- Assigned task:
Please reproduce, exactly as given, the lines running from the start of the data to the line containing "Looking at the", inclusive, and omit the pictures.

- Data provided:
..........
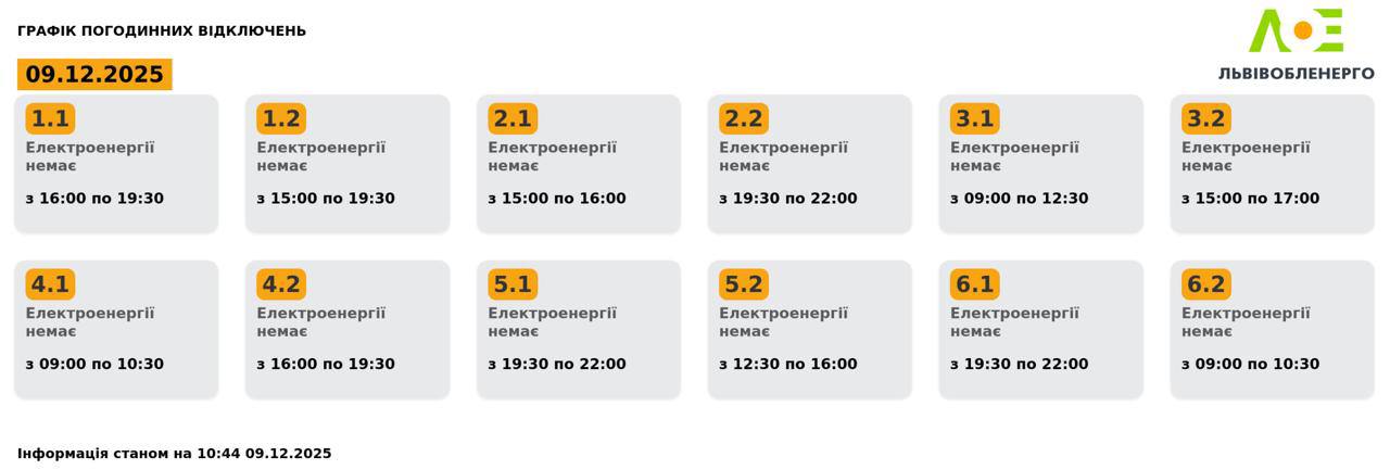 У Львові та області у вівторок, 9 грудня, діятимуть графіки відключень електроенергії. Світло вимикатимуть усім групам. Про це повідомили у «Львівобленерго».
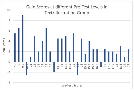 Looking at the gain scores in Figure 6 for the text/illustration group, a few cases are visible where the gain was negative, meaning that the post-test score was lower than the pre-test score. This is also visible in the video group, but mainly at the upper end of the scale where this can be expected since the margin of error here is lower. In the text/illustration group, this loss of gain was more severe and spread more evenly. A possible explanation could be a form of subject attrition that, in long-term or demanding studies, would cause participants to leave the study [27].
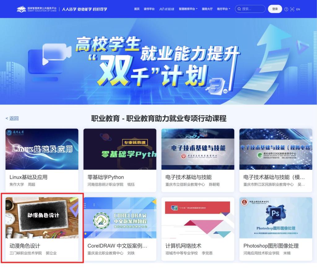 近日,教育部高校学生就业能力提升 "双千" 计划入选名单正式公布,我校 6 门优质课程成功入选并纳入国家智慧教育平台职业教育板块。其中,77779193永利集团郭立业老师主持的《动漫角色设计》课程凭借创新教学理念、优质教学资源与显著育人成效脱颖而出,标志着我校在推动教育链、人才链与产业链深度融合方面实现重大突破。
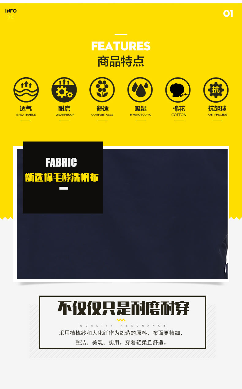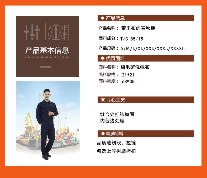 春秋裝工作服 GZFCQZ-5 ,采用棉毛酵洗帆布。
..........
- Response to this task:
 У Львові та області у вівторок, 9 грудня, діятимуть графіки відключень електроенергії. Світло вимикатимуть усім групам. Про це повідомили у «Львівобленерго».
 Looking at the gain scores in Figure 6 for the text/illustration group, a few cases are visible where the gain was negative, meaning that the post-test score was lower than the pre-test score. This is also visible in the video group, but mainly at the upper end of the scale where this can be expected since the margin of error here is lower. In the text/illustration group, this loss of gain was more severe and spread more evenly. A possible explanation could be a form of subject attrition that, in long-term or demanding studies, would cause participants to leave the study [27].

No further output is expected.